Not only is the family changing, but teenage years look different too. Young people's transition to independence is less structured, more gradual, and takes longer than in the past. Yet in some ways, younger teenagers are introduced to elements of adulthood at a younger age than previous generations, and puberty starts earlier than in the past (Nelson 2009). This means that adolescence is stretched at both ends, creating an artificially-long period of semi-independence. The dynamic of the transition from dependence to independence is a pervasive feature of conflict between parents and teenagers. Although this conflict is a necessary and healthy part of redefining boundaries during adolescence, the changes above may be putting increasing pressure on family relationships. In the current financial climate, with unemployment rising and welfare benefits being cut, the stress and burden on families are likely to continue to rise (Monfort 2009).

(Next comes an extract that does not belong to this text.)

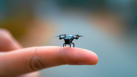 Advanced Micro Drone on Finger, Extreme Close-Up

The socio-economic foundations of independent housing for young people started to fracture in the 1980s, and extended financial support from parents is increasingly required to facilitate independent moves (Furlong and Cartmel 1997). This trend has continued with drastic changes to the welfare system. Particularly significant to parents, is the rapid rise in non-dependant deductions. If a young person remains at home beyond the age of 18 with parents who receive housing benefit, the amount by which housing benefit is reduced will increase each year between 2011 and 2014. This is predicted to exacerbate tension and pressure between young people and their parents, and may result in more young people being asked to leave home.
The role of mediation in Scotland
Over the past decade, 43 projects have offered mediation between parents and teenage children. These have run in four contexts: voluntary homeless sector, family mediation, community mediation and local authority mediation, working in different ways and with varying success. Projects have generally been small, with part-time staff, with referrals coming from homeless teams, social work and from parents themselves.
Mediation helps people to resolve their conflicts and rebuild relationships. The agreements that people make through mediation are more sustainable than solutions found through other means. A mediated agreement, because it is voluntarily agreed, is more likely to be satisfactory to the participants than one imposed by professionals and, therefore, more likely to be adhered to (Emery 1994). Decisions are more likely to endure over time if the parties have assumed the responsibility of making them. Participants' control of the content of mediation also promotes quality decisions as they are the best people to define their real interests and issues (Boulle and Nesic 2001).
As services are small and scattered, there is no specific data about the national impact of such mediation. However, mediation in other contexts generally results in 70 to 80% of cases reaching a mutually-agreed successful resolution.
Mediation may result in a young person remaining at home, or returning home after a period away. Preventing the damaging effects of homelessness is of immeasurable benefit. People who have become homeless wish that they had resolved problems with their families at the start, and would advise other young people to stay at home if possible (Randall and Brown 1999).
Living at home may not be the best option. If a young person is going to move out, doing this in a safe and planned way, is far better than running away or being forced to leave hurriedly in acrimonious circumstances. Mediation can help a family to agree in advance how they will retain links and support after the young person has moved out. Family can be vital in providing support even if its members are not bound by bricks and mortar (Monfort 2009).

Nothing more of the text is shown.